[Task]
All that is needed is the run of lines from the top of the entries to the line with "海藻の表面を覆い、激しい潮の", that line included, repeated exactly and free of pictures.

[Stored dataset items]
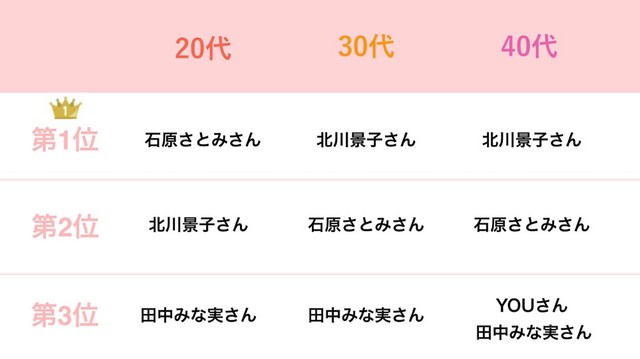 総合1位は北川景子さん。20代では石原さとみさんに1位を譲りましたが、30代、40代ではトップでした。「美人でクールビューティーなイメージを参考にしたい」(30歳)「オフィスカジュアルがうまそうだから」(29歳)と多数の女性の憧れの的です。
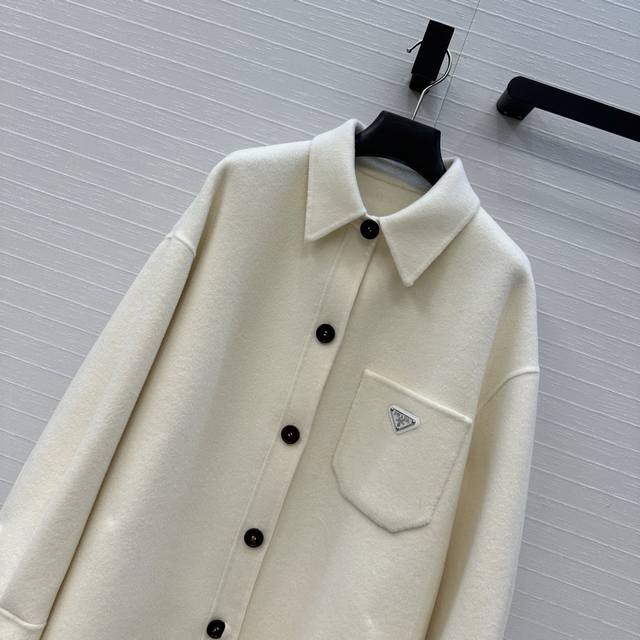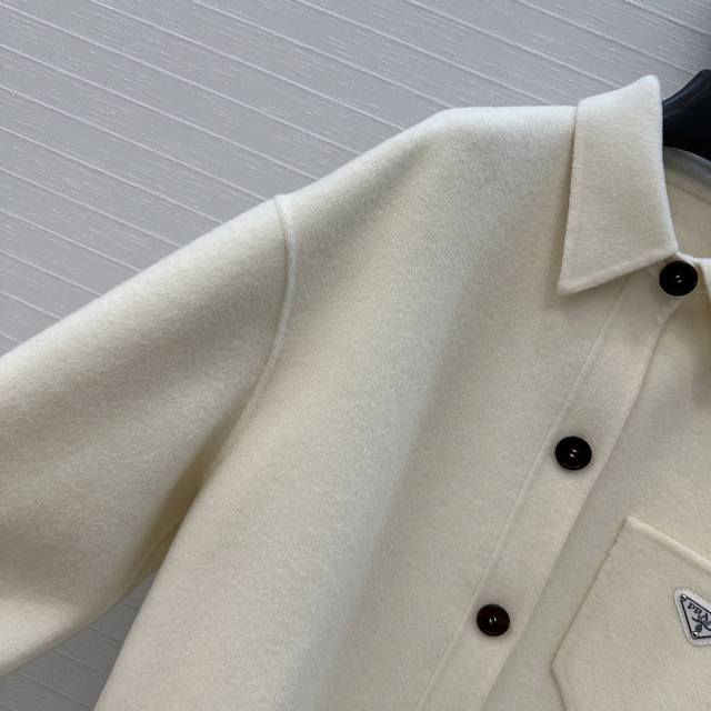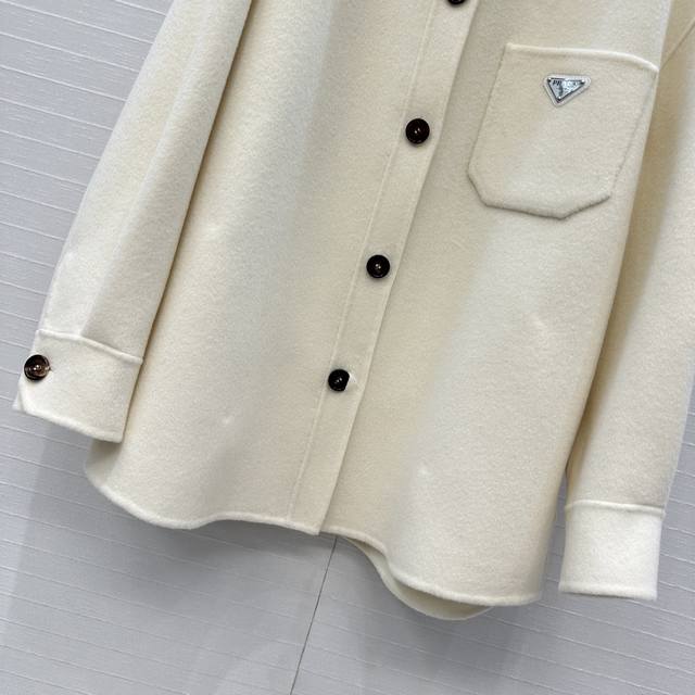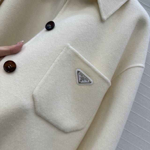 Exclusive first release of high-end, original quality! PR's new early fall triangle-label coat! A must-have for fashionistas! Handmade, double-faced nylon and cashmere coat! The elegant lapel shirt-like silhouette is both stylish and fashionable! Imported 90% wool and 10% cashmere fabric is delicate, soft, and stylish, with a versatile H-cut silhouette for a refined and capable look! Versatile and fashionable, it creates a slimming and tall look! Perfect workmanship and quality are reflected in the details! Three colors and three sizes. Size 36, dropped shoulders, chest circumference 112cm, length 71cm.
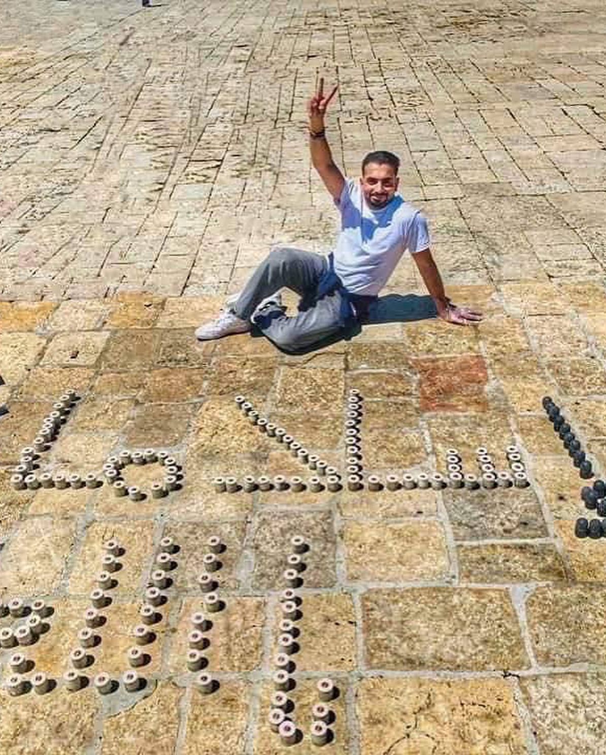 وأضاف عبد الله، الصورة الثانية كانت بعدما لميت فيها جميع الطلقات المطاط والقنابل المسيلة للدموع اللي اضربت علينا في الأقصى، حيث أنه وفي صورة أخرى استخدم الطلقات المطاط والقنابل المسيلة في كتابة بعض الكلمات على الأرض.
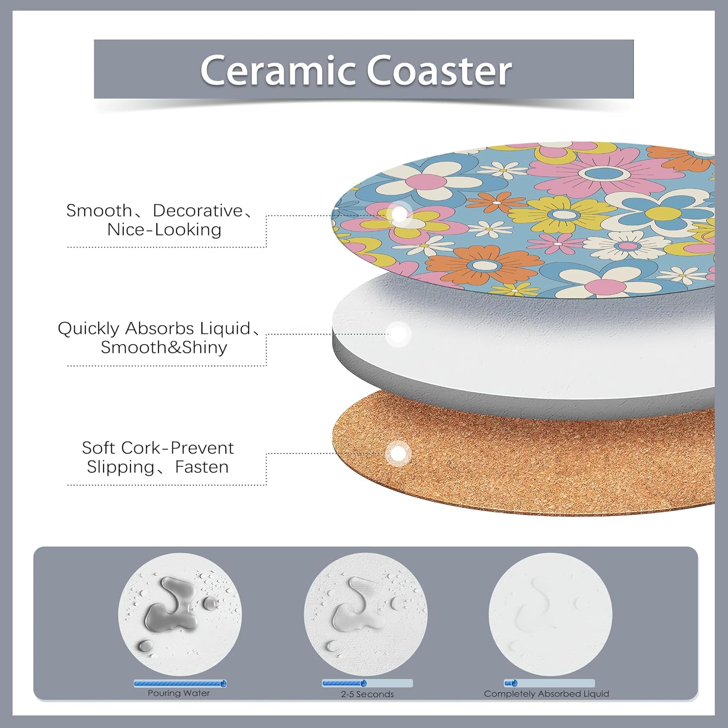 - 【Water-absorbing Ceramics】These coasters are super water-absorbent, the cork back can avoid scratching your furniture and prevent coasters falling off the table.
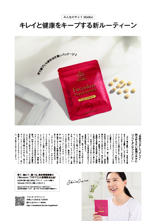海藻の表面を覆い、激しい潮の流れや外的刺激から海藻を守っているネバネバ成分である"メカブ"由来のフコイダン配合サプリメントが誕生。
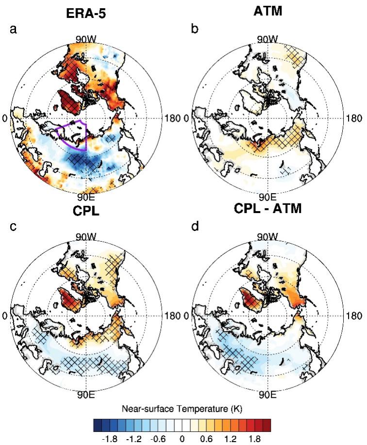 從ERA-5再分析資料(a)、僅考慮大氣過程的大氣模式試驗(yàn)(b)及包含海-氣耦合過程的全耦合模式試驗(yàn)(c)得到的歷史時(shí)期海冰消融導(dǎo)致的冬季地表氣溫異常(K)。(d)為全耦合模式試驗(yàn)與大氣模式試驗(yàn)結(jié)果之差
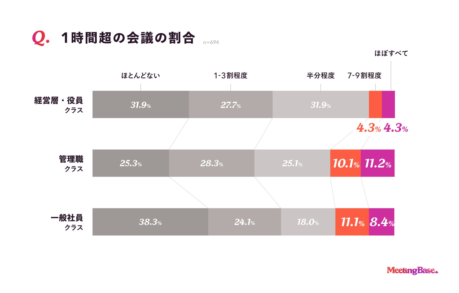 ◾️1時間超の社内会議の比較:管理職クラスの会議は比較的長いという結果に
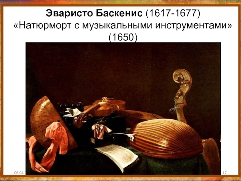 Натюрморт с музыкальными инструментами Эваристо Баскенис - это произведение искусства, которое олицетворяет величие и красоту музыки. В этом натюрморте представлены различные музыкальные инструменты, такие как скрипка, флейта, гитара и труба, каждый из которых имеет свой уникальный звук и характер. Художник умело передает текстуру и оттенки этих инструментов, создавая чувство реальности и живости. Вместе с тем, яркие цвета и динамичные композиции вызывают чувство энергии и страсти, связанные с музыкой. Натюрморт с музыкальными инструментами Эваристо Баскенис позволяет нам насладиться красотой музыки через взгляд художника.
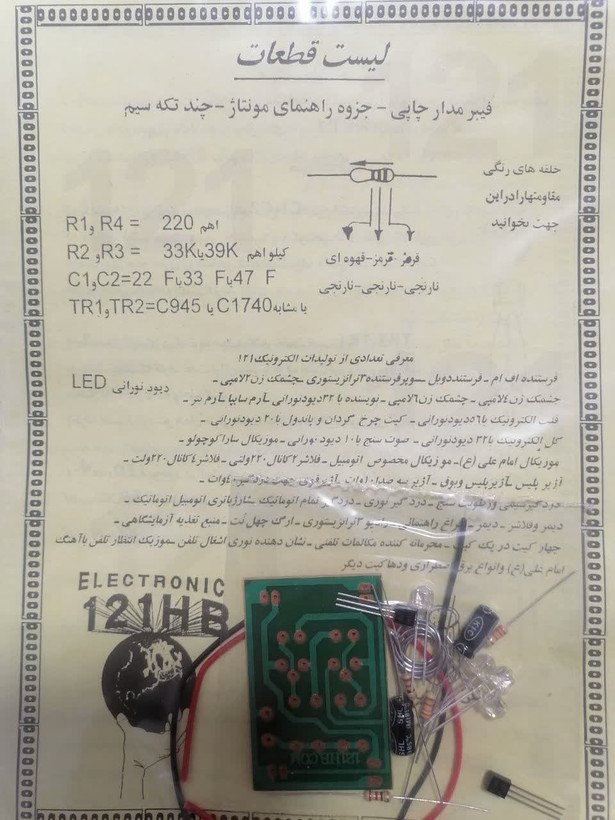 کیت چشمک زن 4 لامپی چهار LED این کیت در گوشهها فیبر قرار دارند و این کیت يكي از كيتهاي سادهاي است كه براي شروع لحيم کاری مناسب است و همچنین برای آشنایی با نحوه عملکرد قطعات مناسب است.
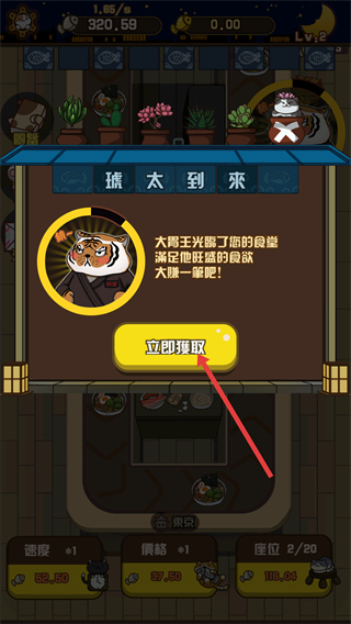 1、觸發(fā)大胃王光臨食堂的事件后,點(diǎn)擊【立即領(lǐng)取】拿獎(jiǎng)勵(lì),關(guān)注【速度】【情緒】等屬性提升餐廳接待效率。
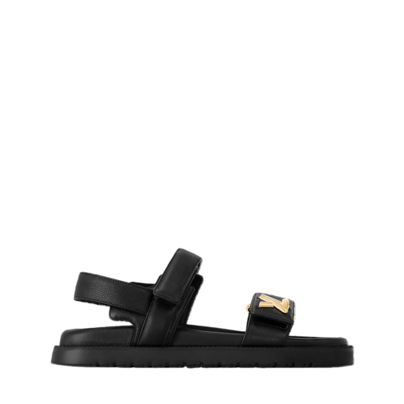 The LV Sunset flat comfort sandal comes in soft, grained calf leather. Combining style with comfort and practicality, this model features an anatomic footbed and two adjustable, padded straps. The front strap is embellished with a chunky LV accessory in gold-tone metal, which was inspired by the clasp of the iconic Twist bag.
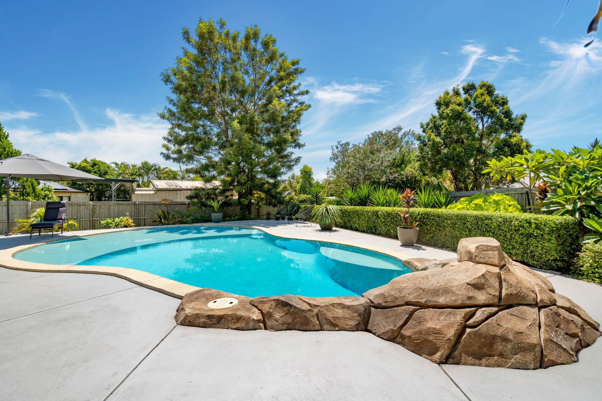 -Huge in-ground swimming pool with tremendous poolside lounging space and umbrella
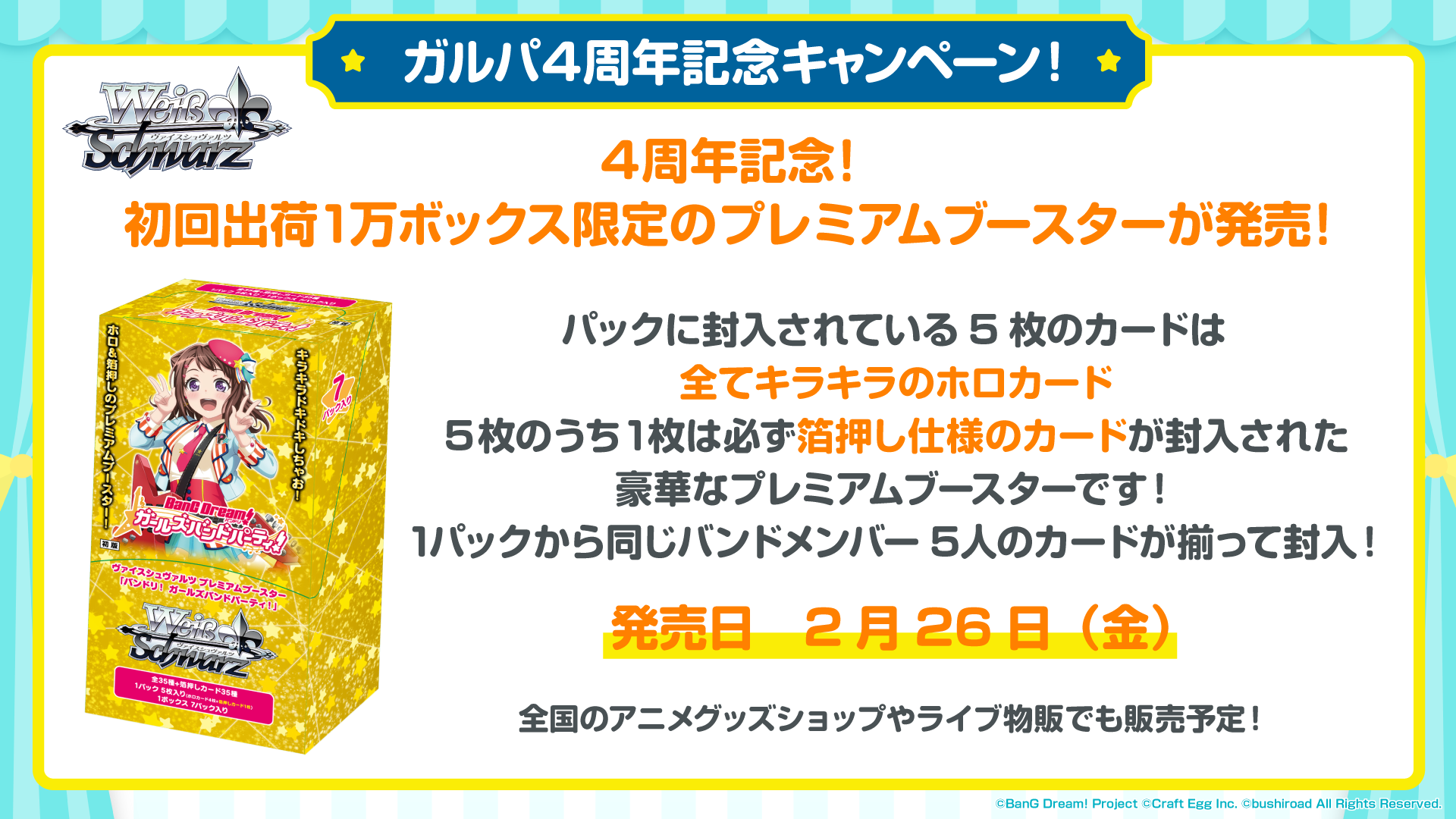 ヴァイスシュヴァルツよりガルパ4周年のプレミアブースターの発売が決定!
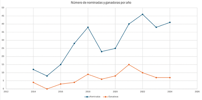 Gráfica 8 – Número nominadas y ganadoras por año. Elaboración propia.
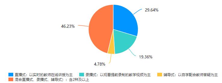 学生喜欢的线上教学模式:46.23%的学生选择混合式(直播式/录播式/辅导式2种形式以上);29.64%的学生选择直播式(以实时的教师在线讲授为主);19.36%的学生选择录播式(以观看提前录制的教学视频为主);4.78%的学生选择辅导式(以自学配合教师答疑为主)。结果显示学生更喜欢有学习体验的线上教学形式,如直播式、混合式等,对无学习体验的自主学习加答疑的线上教学形式反映一般。
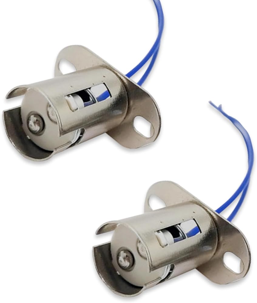 jokormo 2 PCS Automotive 1156 LED Brake Light Lamp Holder, Metal Female Plug with Base and Dual Harness Wires, Single Contact Snap-in Socket Assembly, Universal Light Bulb Connector for Cars (Silver)
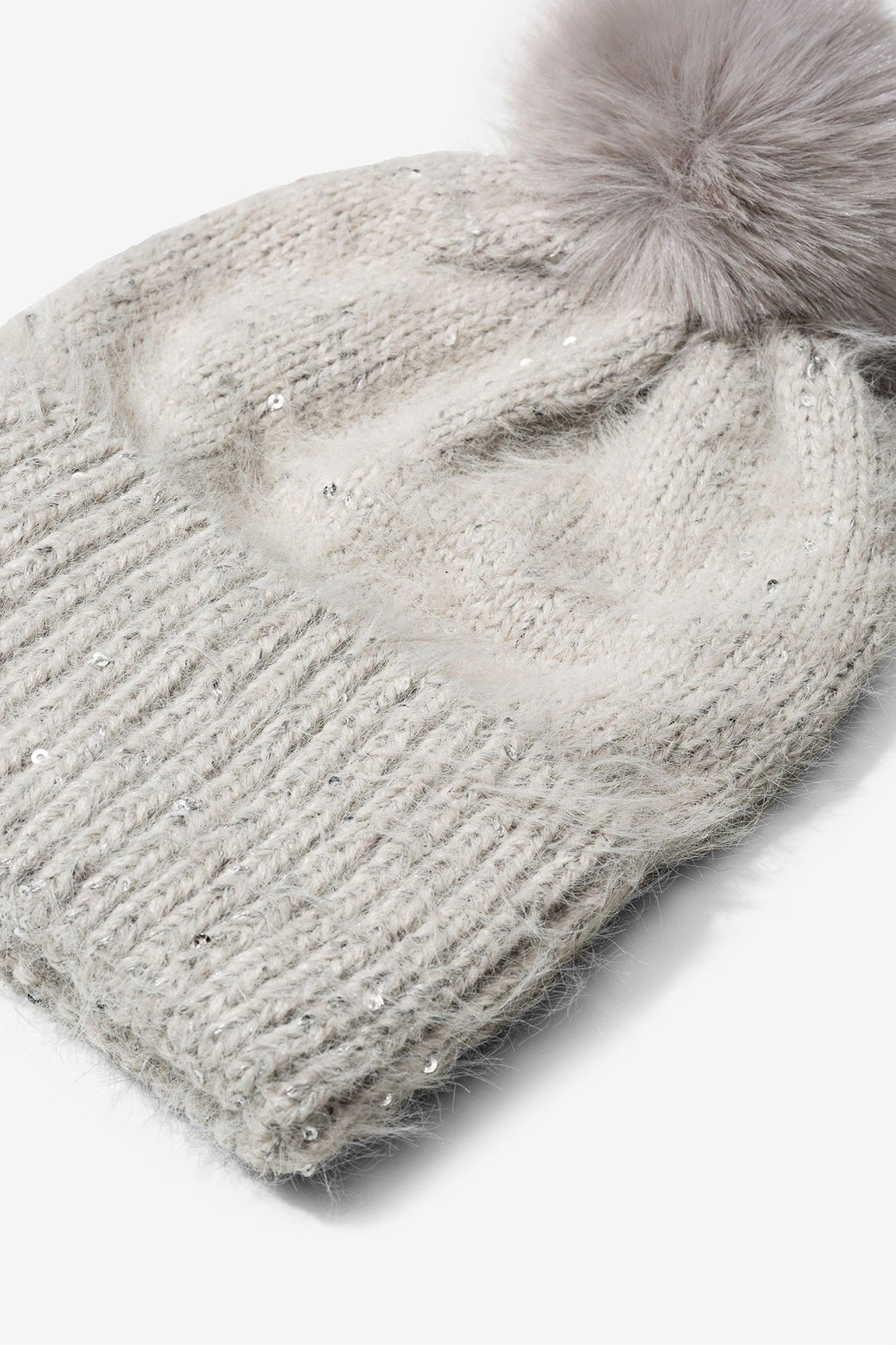 Gorro de punto afelpado con lentejuelas y pompón.

[Solution to the exercise]
 総合1位は北川景子さん。20代では石原さとみさんに1位を譲りましたが、30代、40代ではトップでした。「美人でクールビューティーなイメージを参考にしたい」(30歳)「オフィスカジュアルがうまそうだから」(29歳)と多数の女性の憧れの的です。
 Exclusive first release of high-end, original quality! PR's new early fall triangle-label coat! A must-have for fashionistas! Handmade, double-faced nylon and cashmere coat! The elegant lapel shirt-like silhouette is both stylish and fashionable! Imported 90% wool and 10% cashmere fabric is delicate, soft, and stylish, with a versatile H-cut silhouette for a refined and capable look! Versatile and fashionable, it creates a slimming and tall look! Perfect workmanship and quality are reflected in the details! Three colors and three sizes. Size 36, dropped shoulders, chest circumference 112cm, length 71cm.
 وأضاف عبد الله، الصورة الثانية كانت بعدما لميت فيها جميع الطلقات المطاط والقنابل المسيلة للدموع اللي اضربت علينا في الأقصى، حيث أنه وفي صورة أخرى استخدم الطلقات المطاط والقنابل المسيلة في كتابة بعض الكلمات على الأرض.
 - 【Water-absorbing Ceramics】These coasters are super water-absorbent, the cork back can avoid scratching your furniture and prevent coasters falling off the table.
海藻の表面を覆い、激しい潮の流れや外的刺激から海藻を守っているネバネバ成分である"メカブ"由来のフコイダン配合サプリメントが誕生。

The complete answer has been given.